Quote the listing below in full and exactly as written, but omit every picture.

[[ DATA RECORDS, beginning ]]

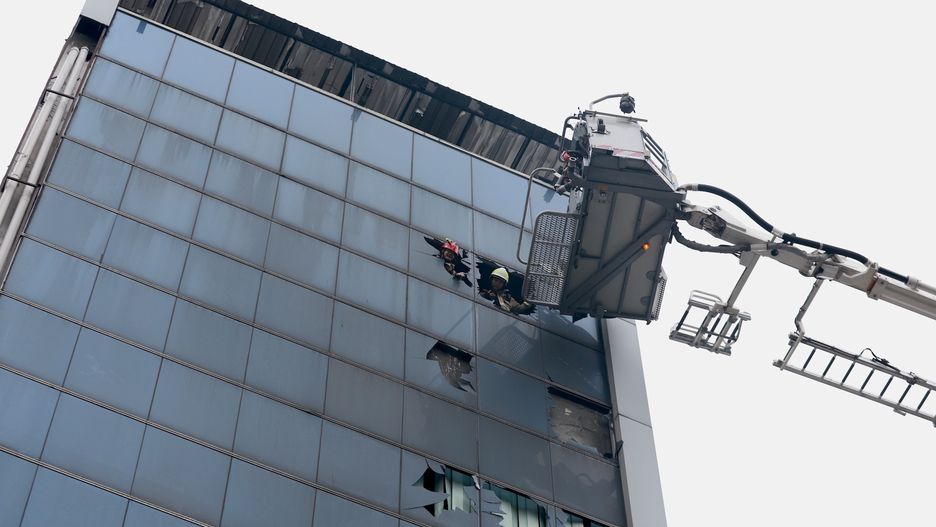 W materiale widać również pracowników, którzy uciekali z wyższych pięter budynku, korzystając z przenośnych drabin.
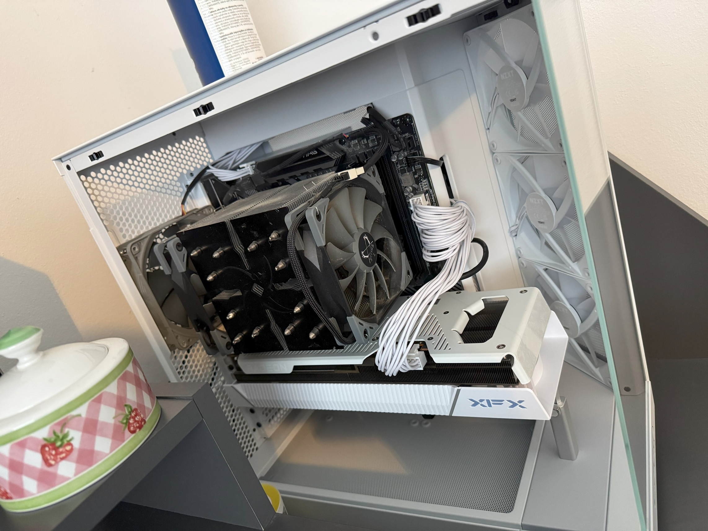 NZXT H6 Flow MB MSI MAG B550 TOMAHAWK CPU AMD Ryzen 5 5600X GPU XFX Quicksilver AMD Radeon RX 7800 XT RAM Kingston Fury 32GB HDD SSD M.2 ADATA XPG Gammix S11 1TB HDD 2 TB PSU Seasonic Focus GX-850 AOC C24G1 144Hz Mobil Apple iPhone 15Pro 256GB Tablet iPad Air M2
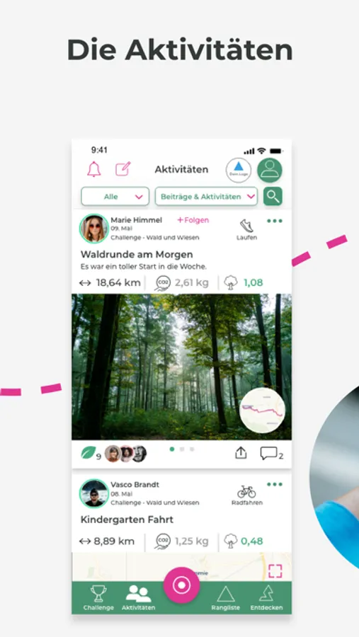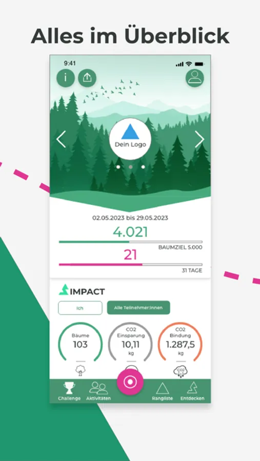 Legt eure Kilometer pro Baum fest. Für das Laufen, Fahrradfahren und Wandern/Spazieren.
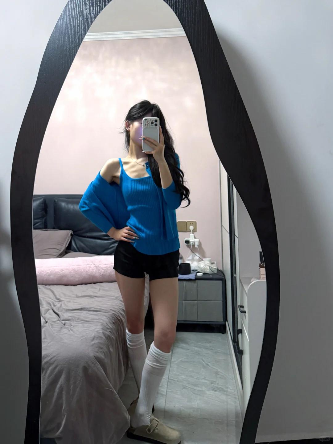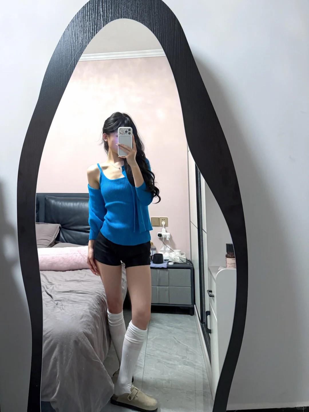 浅粉荷叶边上衣搭配黑色鱼尾裙,裸色红底高跟鞋,轻熟又不失灵动,氛围感直接拉满。
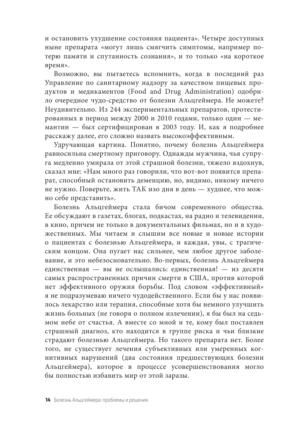 Добротный труд, очень насыщенная книга, это не для быстрого чтения. Кому требуется глубокое знание и понимание, могут читать досконально и в подробностях, люди «попроще», скорее всего, пропустят некоторые научные моменты, но почерпнут нечто полезное, что уменьшит страх перед болезнью Альцгеймера, перестанут чувствовать обреченность и смогут бороться за полноценную жизнь, свою или близких.
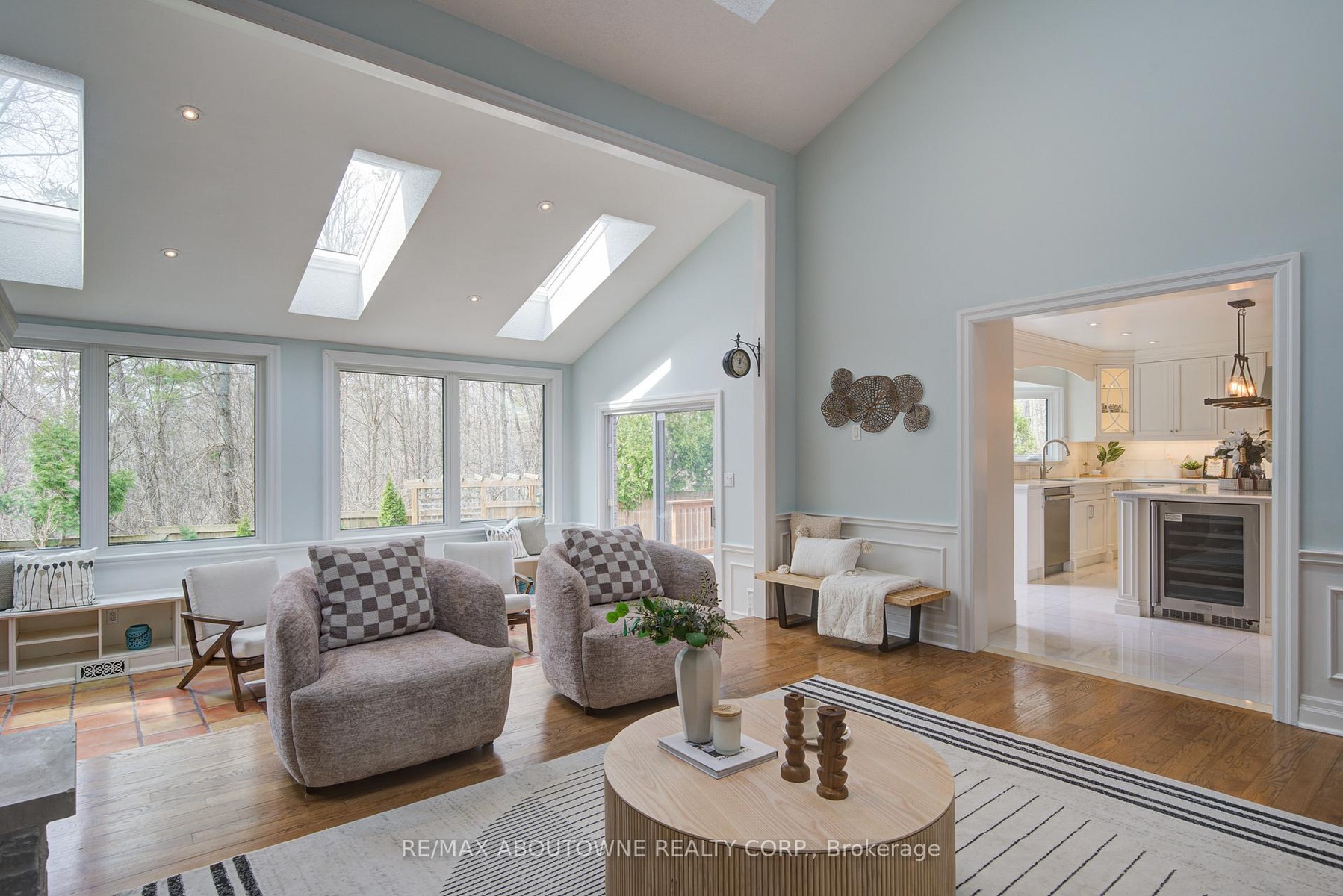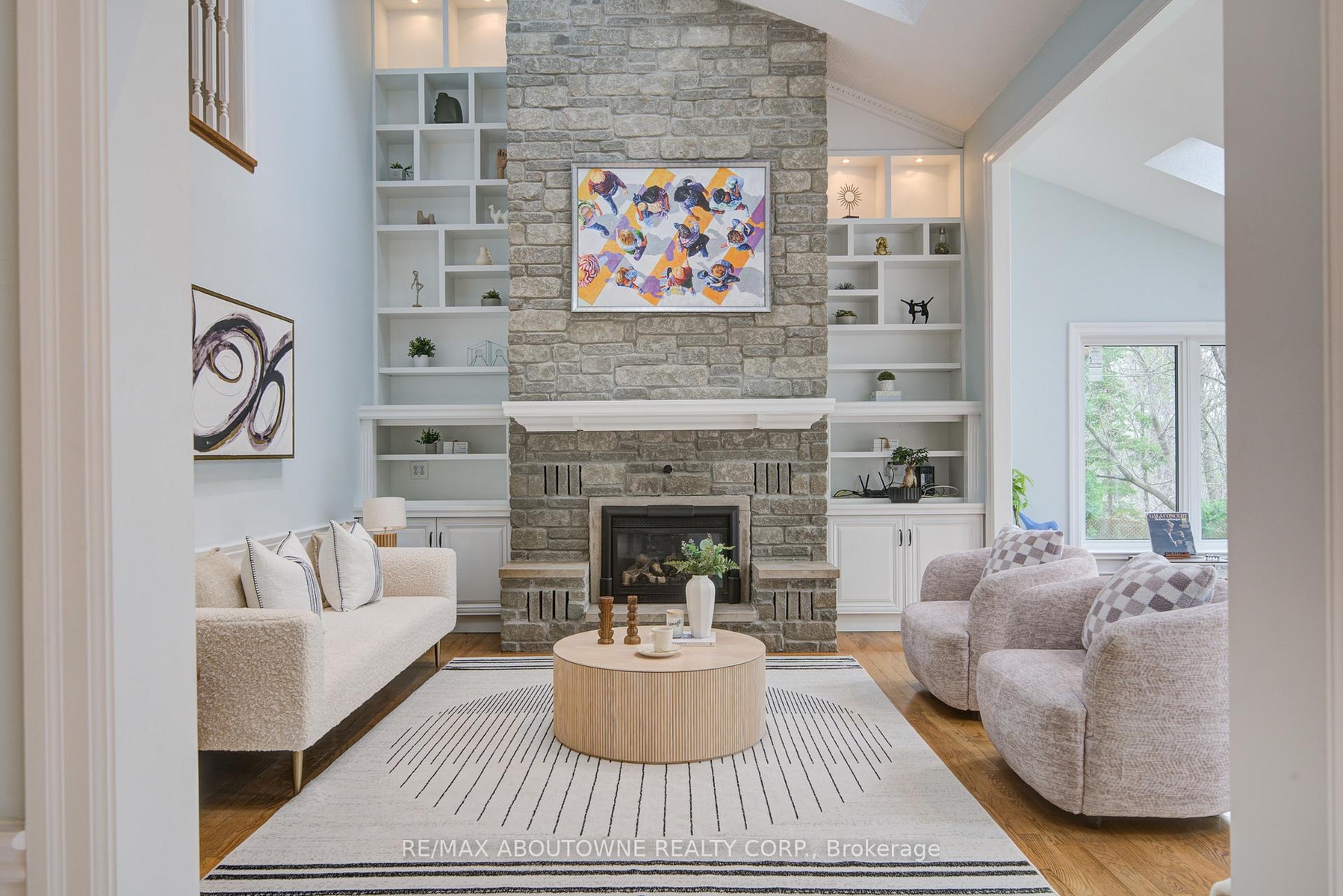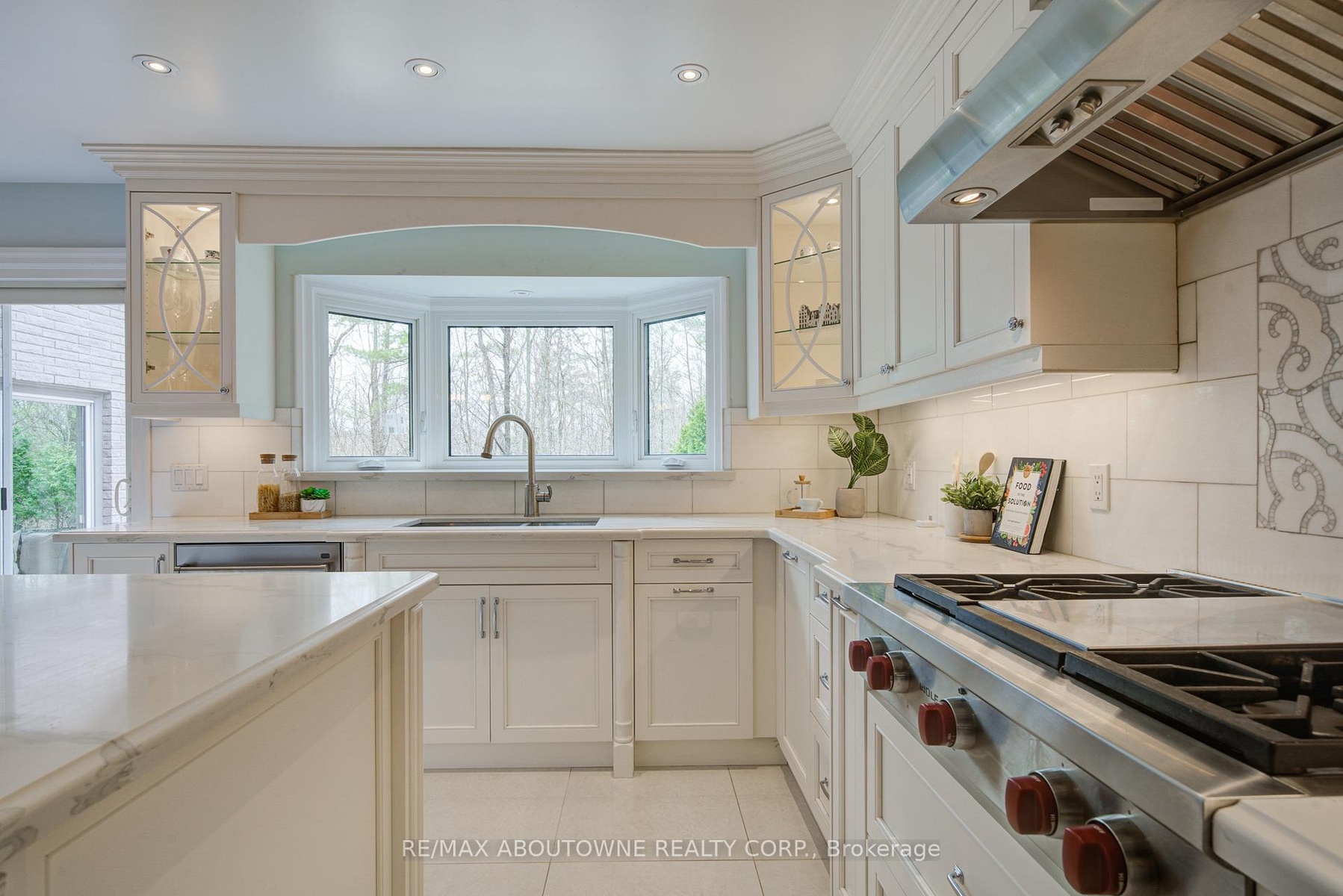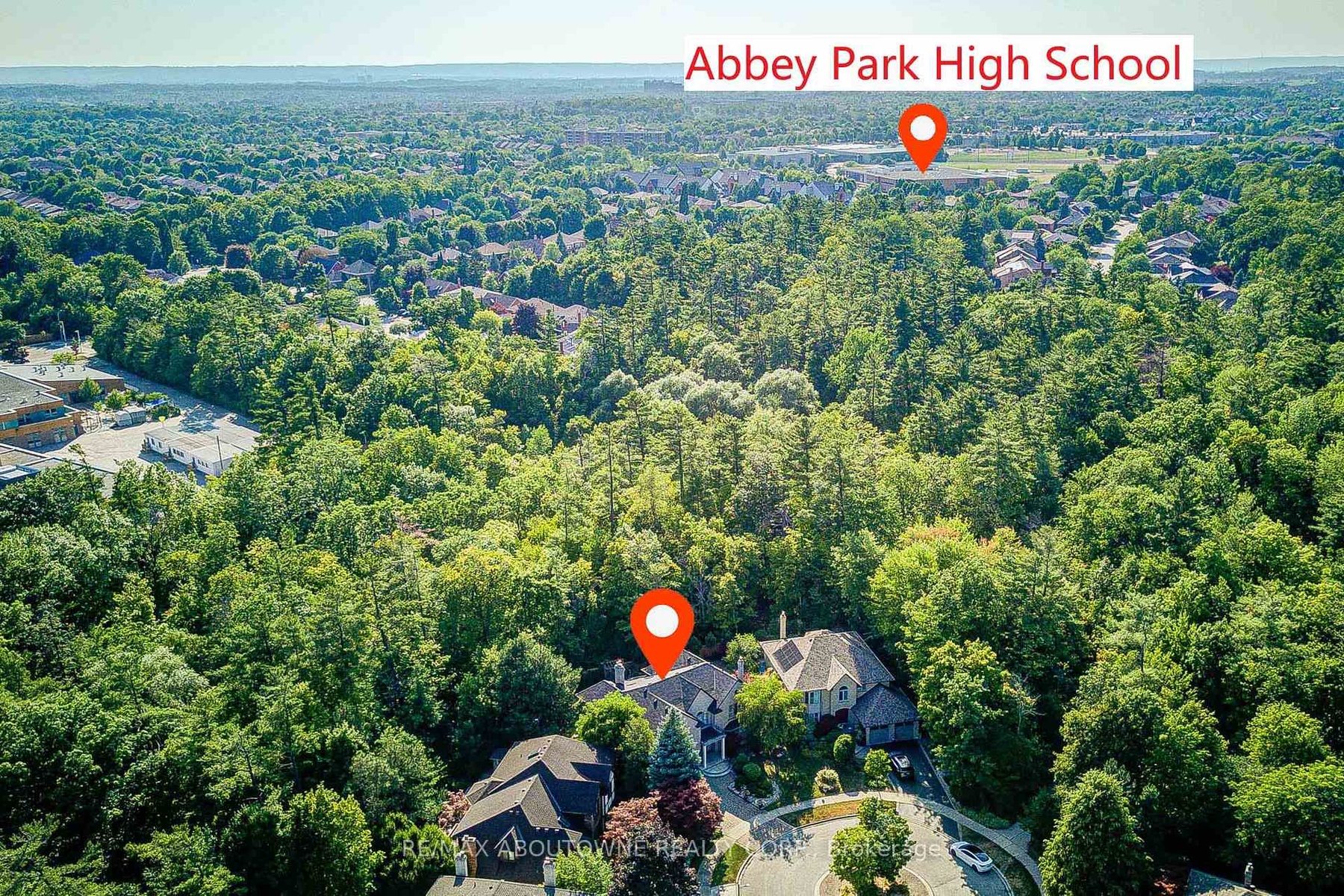 Enclaved in the woods, nestled on a ultra-premium ravine lot in an exclusive four-home cul-de-sac, this custom Dalzotto-built estate offers approximately 4,000 sf above-grade living space, highlighted by a full-stone exterior, professionally interlocked driveway, landscaped backyard, all within walking distance to top-rated schools such as Pilgrim Wood PS &Abbey Park HS. Designed for both entertaining and everyday living, the main floor features a bright foyer leading to formal living and dining rooms, while the impressive family room showcases 17-foot sloped ceilings, five skylights, a dramatic floor-to-ceiling gas fireplace that flows into a sun-filled solarium. The chef's kitchen, renovated in 2016, with custom cabinetry, large center island, premium appliances, including Sub-Zero 36" freezer ,36"fridge set, a Wolf 36" hood w/wall mount blower ,Wolf gas cooktop, a double oven, an Asko dishwasher, a Sharp under-counter microwave. The upper level offers four spacious bedrooms with floor-to-ceiling windows, including a primary suite with a walk-in closet w/ luxurious 5-piece ensuite, two bedrooms connected by a Jack&Jill 5-piece bathroom, a fourth bedroom with its own private 4-piece ensuite. The expansive lower level, with a separate entrance, adds exceptional versatility with a large recreation room, a games room, a fifth bedroom or den with a 4-piece bath, a cold room, ample storage. The private backyard retreat features over 135 feet of ravine frontage a saltwater heated pool with a new liner (21), a 1.5 HP pump (23), an updated sand filter (23), along with additional upgrades such as a new deck ,BBQ (16), backyard fence, two wood sheds (19), back & side triple-pane window replacements (21), owned hot water tank (25). Attic Insulation upgrade (21). An upgraded gas meter supports multiple features simultaneously, including two gas fireplaces, a gas stove, fire pit, BBQ, two furnaces, ensuring this exceptional home delivers luxury , outstanding performance.

[[ DATA RECORDS, end ]]

_ANSWER FOR THIS EXERCISE_
 W materiale widać również pracowników, którzy uciekali z wyższych pięter budynku, korzystając z przenośnych drabin.
 NZXT H6 Flow MB MSI MAG B550 TOMAHAWK CPU AMD Ryzen 5 5600X GPU XFX Quicksilver AMD Radeon RX 7800 XT RAM Kingston Fury 32GB HDD SSD M.2 ADATA XPG Gammix S11 1TB HDD 2 TB PSU Seasonic Focus GX-850 AOC C24G1 144Hz Mobil Apple iPhone 15Pro 256GB Tablet iPad Air M2
 Legt eure Kilometer pro Baum fest. Für das Laufen, Fahrradfahren und Wandern/Spazieren.
 浅粉荷叶边上衣搭配黑色鱼尾裙,裸色红底高跟鞋,轻熟又不失灵动,氛围感直接拉满。
 Добротный труд, очень насыщенная книга, это не для быстрого чтения. Кому требуется глубокое знание и понимание, могут читать досконально и в подробностях, люди «попроще», скорее всего, пропустят некоторые научные моменты, но почерпнут нечто полезное, что уменьшит страх перед болезнью Альцгеймера, перестанут чувствовать обреченность и смогут бороться за полноценную жизнь, свою или близких.
 Enclaved in the woods, nestled on a ultra-premium ravine lot in an exclusive four-home cul-de-sac, this custom Dalzotto-built estate offers approximately 4,000 sf above-grade living space, highlighted by a full-stone exterior, professionally interlocked driveway, landscaped backyard, all within walking distance to top-rated schools such as Pilgrim Wood PS &Abbey Park HS. Designed for both entertaining and everyday living, the main floor features a bright foyer leading to formal living and dining rooms, while the impressive family room showcases 17-foot sloped ceilings, five skylights, a dramatic floor-to-ceiling gas fireplace that flows into a sun-filled solarium. The chef's kitchen, renovated in 2016, with custom cabinetry, large center island, premium appliances, including Sub-Zero 36" freezer ,36"fridge set, a Wolf 36" hood w/wall mount blower ,Wolf gas cooktop, a double oven, an Asko dishwasher, a Sharp under-counter microwave. The upper level offers four spacious bedrooms with floor-to-ceiling windows, including a primary suite with a walk-in closet w/ luxurious 5-piece ensuite, two bedrooms connected by a Jack&Jill 5-piece bathroom, a fourth bedroom with its own private 4-piece ensuite. The expansive lower level, with a separate entrance, adds exceptional versatility with a large recreation room, a games room, a fifth bedroom or den with a 4-piece bath, a cold room, ample storage. The private backyard retreat features over 135 feet of ravine frontage a saltwater heated pool with a new liner (21), a 1.5 HP pump (23), an updated sand filter (23), along with additional upgrades such as a new deck ,BBQ (16), backyard fence, two wood sheds (19), back & side triple-pane window replacements (21), owned hot water tank (25). Attic Insulation upgrade (21). An upgraded gas meter supports multiple features simultaneously, including two gas fireplaces, a gas stove, fire pit, BBQ, two furnaces, ensuring this exceptional home delivers luxury , outstanding performance.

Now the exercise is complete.